The mysterious case of the missing belly button.


Who sets up a thread on a forum for the sole purpose of dissecting a woman's body? 

Then I felt pity, that's not normal is it? 

Then, selfishly I felt scared, scared of the can of worms this might open in terms of my blog. You see in the past four years I've been quite lucky. I've rarely been subject to online abuse or the dreaded troll. All I could think was, oh great, that's it, everything has changed. 

I took to twitter to say how hilarious it was that I was subject of some fat hate chatter. I posted a witty instagram pic of my cheekbones (one of the commenters said my cheekbones were 'painted on').

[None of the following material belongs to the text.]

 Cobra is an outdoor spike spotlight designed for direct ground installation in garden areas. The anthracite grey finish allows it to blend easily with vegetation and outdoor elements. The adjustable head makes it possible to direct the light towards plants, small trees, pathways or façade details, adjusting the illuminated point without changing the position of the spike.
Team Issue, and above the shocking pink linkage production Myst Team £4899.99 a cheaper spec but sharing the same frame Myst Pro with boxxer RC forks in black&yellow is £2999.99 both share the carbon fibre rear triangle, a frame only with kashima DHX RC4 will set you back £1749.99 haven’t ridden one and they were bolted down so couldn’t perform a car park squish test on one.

But all the time, I kept thinking to myself, don't feed the trolls, you're asking for it now. 

Oh look it's me and my "painted on" cheekbones.

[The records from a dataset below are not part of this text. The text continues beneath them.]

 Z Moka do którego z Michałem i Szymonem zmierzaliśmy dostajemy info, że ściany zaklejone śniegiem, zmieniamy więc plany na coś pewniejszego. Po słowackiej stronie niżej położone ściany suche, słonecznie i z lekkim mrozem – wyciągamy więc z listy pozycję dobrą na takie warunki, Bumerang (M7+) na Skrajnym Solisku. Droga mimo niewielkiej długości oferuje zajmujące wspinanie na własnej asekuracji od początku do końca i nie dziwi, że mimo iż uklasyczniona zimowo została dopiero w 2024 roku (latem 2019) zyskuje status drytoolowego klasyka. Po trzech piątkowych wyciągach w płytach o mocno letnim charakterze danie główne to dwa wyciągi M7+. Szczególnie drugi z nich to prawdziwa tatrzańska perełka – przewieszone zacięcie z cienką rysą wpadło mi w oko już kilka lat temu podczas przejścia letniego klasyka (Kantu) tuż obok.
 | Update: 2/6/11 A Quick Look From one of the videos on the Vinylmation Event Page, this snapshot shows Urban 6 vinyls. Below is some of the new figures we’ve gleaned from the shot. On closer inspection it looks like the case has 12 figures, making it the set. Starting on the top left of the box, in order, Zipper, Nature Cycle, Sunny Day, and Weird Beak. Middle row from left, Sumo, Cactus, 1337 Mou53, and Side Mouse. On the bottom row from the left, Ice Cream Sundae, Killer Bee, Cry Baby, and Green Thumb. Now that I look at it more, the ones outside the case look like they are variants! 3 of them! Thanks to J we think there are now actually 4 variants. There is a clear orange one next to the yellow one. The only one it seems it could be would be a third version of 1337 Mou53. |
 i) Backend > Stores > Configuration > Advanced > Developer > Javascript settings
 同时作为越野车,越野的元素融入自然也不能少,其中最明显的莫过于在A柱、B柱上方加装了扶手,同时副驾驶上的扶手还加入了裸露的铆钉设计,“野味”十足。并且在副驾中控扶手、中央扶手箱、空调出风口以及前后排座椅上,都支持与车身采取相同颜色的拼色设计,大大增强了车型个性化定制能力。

What if I had kept quiet? Maybe it would all go away and I'd come out the other side relatively unscathed. But then I realised that's what they want isn't it? To silence us. To make us disappear, to go away, lose ten stone and come back as obedient thin women who don't offend their eyes. Well they can fuck right off. This confident, worthy, valid fat woman is here to stay. Unapologetically parading in her smalls for all the world to see. 

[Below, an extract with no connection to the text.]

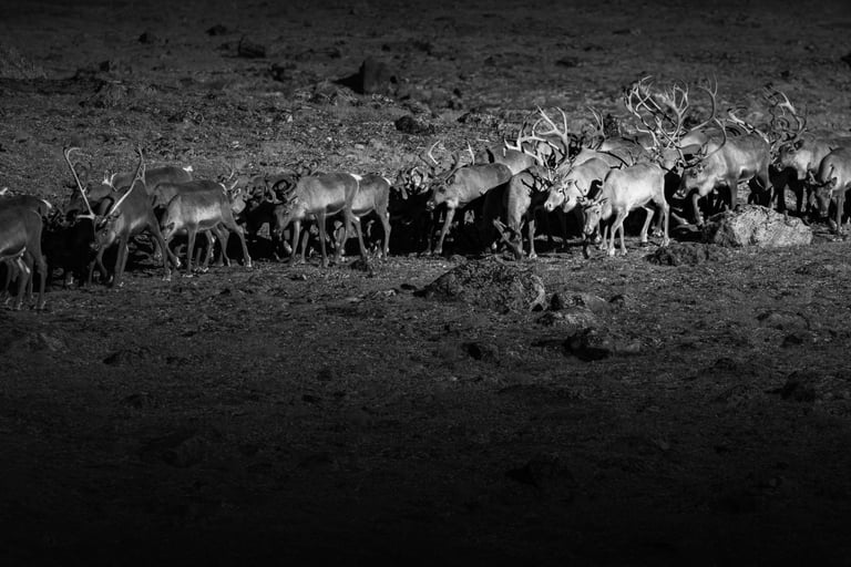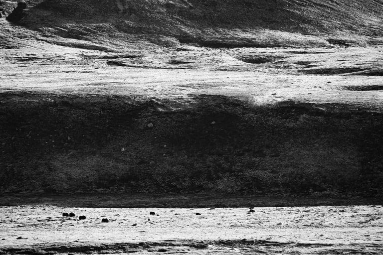 Aside from muskox, I had very few encounters. Most birds had departed from the area, and the arctic fox I hoped for, didn't happen, partially because of a different route because of safety. I did encounter a large group of reindeer, which was super cool, but the light was quite terrible, and the angles for backgrounds equally so, considering I didn't want to move to avoid disturbing the herd. I tried converting some images to black and white, which turned out pretty decent.

You see, I made a deal with myself when I started this. I knew, by exposing myself in a public forum, I would get attention, I would get unwanted attention from people. Whether that be in the form of unwanted sexual advances, verbal abuse or bullying. It's nothing I haven't experienced in far more scary and upsetting situations in real life. So, I promised myself, no matter what, I wouldn't be silenced.

I won't be silenced.


The words of complete strangers on the internet no longer have the impact they used to. Sure, I wouldn't be human, if it didn't affect me, but it no longer hurts me in the way it did. Through my involvement in the body positivity movement I have changed, my attitude has shifted and I am able to see these people for what they are. Twisted and sad. 

I make no excuses for my fat. I don't owe them or anyone an explanation or an apology. 

Fuck you, I'm fat.



Oh and my belly button? It's there, it's just really low set and hidden under one of my big squishy rolls of fat, probably hanging out with a donut and some pork scratchings. 

God I love donuts. 





18 comments:

  1. Thank you for sharing your thoughts on this matter. I love following your blog and the courage you have to show us that it ok to wear bikinis even though we are fat is very inspiring.
    Please keep up - also with such personal posts.
    Best regards
    Pia,
    Denmark.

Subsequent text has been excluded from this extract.